Figure 1. A graphic representation of the maxent model for S. dekayi throughout its distribution except for Central America. Warmer colors show areas with better predicted conditions.

Morphometric Analyses of Urban Storeria dekayi Populations

I am collecting morphological data of Storeria dekayi from multiple sites with different levels of urbanization across New Jersey, and from the herpetology collection at the American Museum of Natural History (AMNH). Using a linear morphometric approach, preliminary results of my data from the two study sites suggest that S. dekayi display distinct sexual dimorphism. Males have lower ventral scale counts, higher subcaudal scale counts, and longer tails. There is also evidence of sexual dimorphism in terms of head shape, because males and females show differentiated internostril distances and interocular distances. Individuals also display inter-site morphological differentiation in terms of head heights (Figure 2).

Figure 2. Individuals from two sites in central New Jersey show differentiated head height. ANCOVA (SVL × Sex) F = 4.631, P = 0.041.

Using a geometric morphometric approach, I analyzed inter-population variation of four urban and suburban S. dekayi populations (three from my study sites and one from Van Cortlandt Park, New York City preserved in AMNH) with 13 landmarks of the dorsal view of the head (Figure 3).

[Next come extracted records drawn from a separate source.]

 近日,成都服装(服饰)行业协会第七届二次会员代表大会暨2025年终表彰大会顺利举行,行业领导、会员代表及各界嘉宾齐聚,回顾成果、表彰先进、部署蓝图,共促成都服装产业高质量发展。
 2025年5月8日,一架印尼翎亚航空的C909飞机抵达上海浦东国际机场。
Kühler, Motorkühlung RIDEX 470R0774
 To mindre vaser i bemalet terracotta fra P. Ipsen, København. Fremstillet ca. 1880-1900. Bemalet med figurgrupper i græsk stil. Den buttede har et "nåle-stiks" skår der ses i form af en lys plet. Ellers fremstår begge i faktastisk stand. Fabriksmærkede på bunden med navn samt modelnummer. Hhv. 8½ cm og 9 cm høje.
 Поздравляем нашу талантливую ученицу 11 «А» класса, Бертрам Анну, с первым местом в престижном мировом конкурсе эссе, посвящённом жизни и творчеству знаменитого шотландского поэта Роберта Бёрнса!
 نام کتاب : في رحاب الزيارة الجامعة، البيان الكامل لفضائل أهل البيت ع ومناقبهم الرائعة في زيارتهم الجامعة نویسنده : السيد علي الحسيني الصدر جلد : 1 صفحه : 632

Preliminary results show that it is possible to discriminate the four populations by their head shapes (Figure 4).

Figure 3. 13 landmarks on the dorsal view of the head of S. dekayi used for the geometric morphometrics study.
Figure 4. Canonical variates analysis (CVA) plot using CV1 and CV2. CV1 and CV1 account for 88.5% of the inter-population variation of head shape among four populations. Ellipses are 90% confidence ellipses.

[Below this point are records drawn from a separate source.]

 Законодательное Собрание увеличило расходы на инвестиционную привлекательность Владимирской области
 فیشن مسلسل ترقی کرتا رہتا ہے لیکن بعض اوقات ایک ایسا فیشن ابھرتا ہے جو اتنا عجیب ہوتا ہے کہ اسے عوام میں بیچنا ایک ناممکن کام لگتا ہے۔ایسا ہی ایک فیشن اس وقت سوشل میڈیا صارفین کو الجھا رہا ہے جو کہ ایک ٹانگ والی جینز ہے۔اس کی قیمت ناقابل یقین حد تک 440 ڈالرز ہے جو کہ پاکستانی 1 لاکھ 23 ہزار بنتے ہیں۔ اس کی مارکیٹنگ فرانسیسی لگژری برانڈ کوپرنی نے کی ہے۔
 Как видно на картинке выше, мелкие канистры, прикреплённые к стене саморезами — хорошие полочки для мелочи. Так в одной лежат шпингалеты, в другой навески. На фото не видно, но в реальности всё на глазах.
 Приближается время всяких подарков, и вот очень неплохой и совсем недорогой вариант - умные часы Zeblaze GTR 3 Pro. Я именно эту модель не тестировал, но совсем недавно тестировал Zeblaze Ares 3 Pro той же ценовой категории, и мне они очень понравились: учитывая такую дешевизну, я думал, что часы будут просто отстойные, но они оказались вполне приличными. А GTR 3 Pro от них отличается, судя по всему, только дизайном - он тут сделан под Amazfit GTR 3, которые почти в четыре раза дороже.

Population Ecology of Urban Storeria dekayi

I am trying to apply the Huggins closed captures form of the robust design model to estimate urban Storeria dekayi population size using capture-mark-recapture data. I identify recaptured individuals based on their unique head markings (Figure 5). Initial results suggest that S. dekayi is an urban adaptor that can sustain exceptionally high population densities in urban environments. For example, an estimate from a green space at my Newark study site gives a rough total population size of 22 ± 8 individuals, and a density of one individual every 17 m2 of space.

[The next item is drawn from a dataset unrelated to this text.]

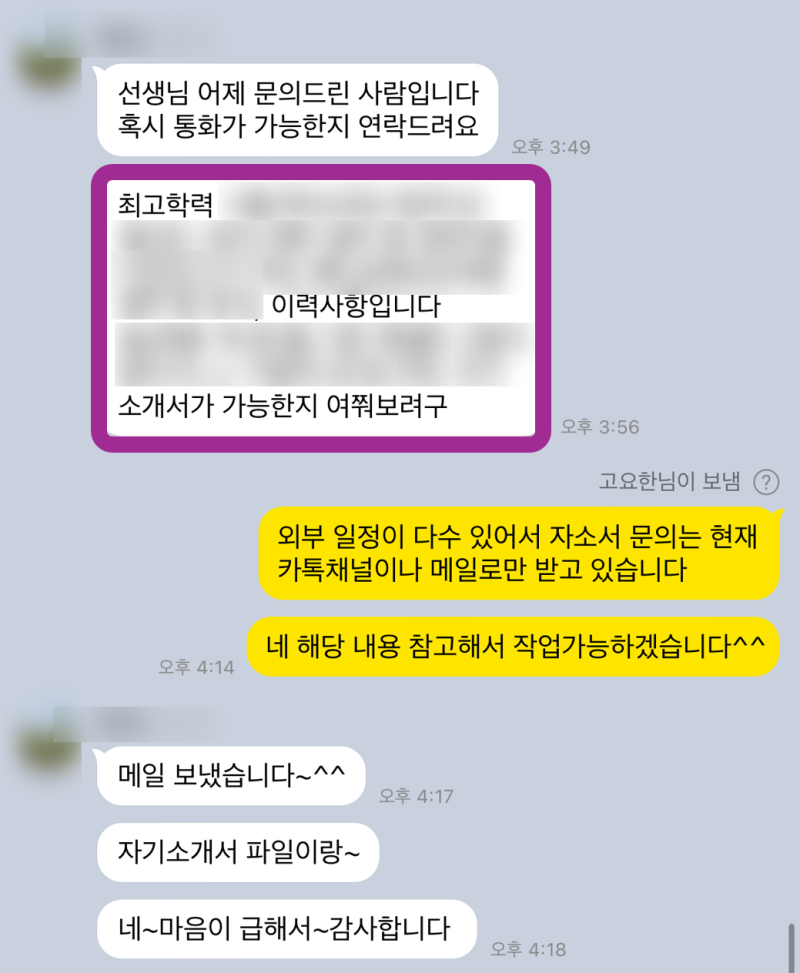 - 자기소개서 대필: 자소서 작성이 어려운 분들을 위해 맞춤형 자소서를 대필해드립니다.

Figure 5. A simplified diagram of the urban S. dekayi population estimation process.

Feeding Ecology of Urban Storeria dekayi

Although Storeria dekayi is known to be a diet specialist that primarily feeds on land gastropods and earthworms, feeding ecology of this common snake species have rarely been documented besides several simple observational and stomach content examination attempts. I am applying the quadrat sampling method to survey the snake's potential prey community at my study sites (Figure 6; Figure 7). I also plan to do a series of diet preference tests to investigate if S. dekayi would prefer certain prey species over the others, and if S. dekayi from populations of different urbanization levels display differential prey preference patterns. Preliminary data gathered from quadrat samplings and regurgitated food (consumed preys that are occasionally thrown up by snakes upon capture) from one of my study sites (Perth Amboy) suggest that S. dekayi might display selective predation on different earthworm species.

Figure 6. A PVC quadrat used to sample earthworms.
Figure 7. Some earthworm specimens obtained from one sampling attempt at Highwood Hills Park, Leonia.